= Abortion in Lebanon =

Abortion in Lebanon is criminalised in all cases except for when the mother's life is at risk according to Lebanon's Penal Code, which was established in 1943. A woman who has an abortion may be imprisoned for at least six months and up to three years, and the person performing the abortion is subject to imprisonment for one to three years. The country does not collect data on abortion care and so there are no official statistics, other than measurements of "pregnancy with abortive outcome", which includes miscarriage, induced abortions, and other conditions. In 2019, this was measured as 1066 cases across Lebanon.

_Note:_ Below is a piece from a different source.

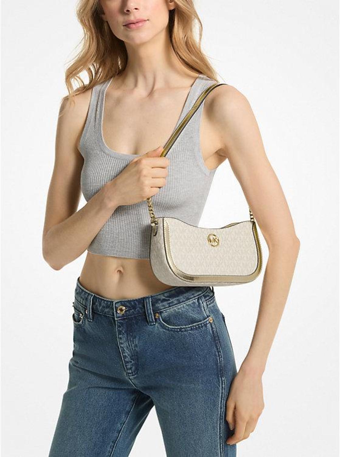 Evocative of ’90s style, the Leida boasts a slim, structured shape that fits snugly under your arm. It’s crafted from metallic logo-print canvas and detailed with a gilded chain-link strap that instantly adds tough-luxe appeal. Reach for it to stow evening essentials like your keys, phone and a lipstick for touch-ups. • Shoulder bag • Metallic logo-print canvas • 69% coated canvas/17% polyester/13% cotton/1% polyurethane • Trim: 60% polyurethane/20% cotton/20% polyester • Gold-tone hardware • 9.75”W X 5.25”H X 3.25”D • Interior details: front slip pocket • Lining: 100% polyester • Zip fastening • Imported • Shoulder bag • Metallic logo-print canvas • 69% coated canvas/17% polyester/13% cotton/1% polyurethane • Trim: 60% polyurethane/20% cotton/20% polyester • Gold-tone hardware • 9.75”W X 5.25”H X 3.25”D • Interior details: front slip pocket • Lining: 100% polyester • Zip fastening • Imported

A report written for the ONHCR by Beirut-based feminist group Nisawiya in 2010 stated that abortions did occur in private clinics or doctors' homes for expensive fees, and that support groups and safe conditions for such procedures were non-existent. A 2019 study featuring 119 interviews with women who had had abortions as well as with physicians who offered abortion services argued that the right to safe abortion in Lebanon was a privilege rather than right, and was heavily reliant on the individual's social capital, social networks and her ability to negotiate with her partner and her doctor. The study also found that the price of an illegal abortion - which depends heavily on the physician's credentials, the location of the clinic, and the form of care required - can range between $150 to $2400 (USD, 2019).

The Guttmacher Institute estimated in 2020 that over a quarter of a million women in Lebanon had an unmet need for modern contraception.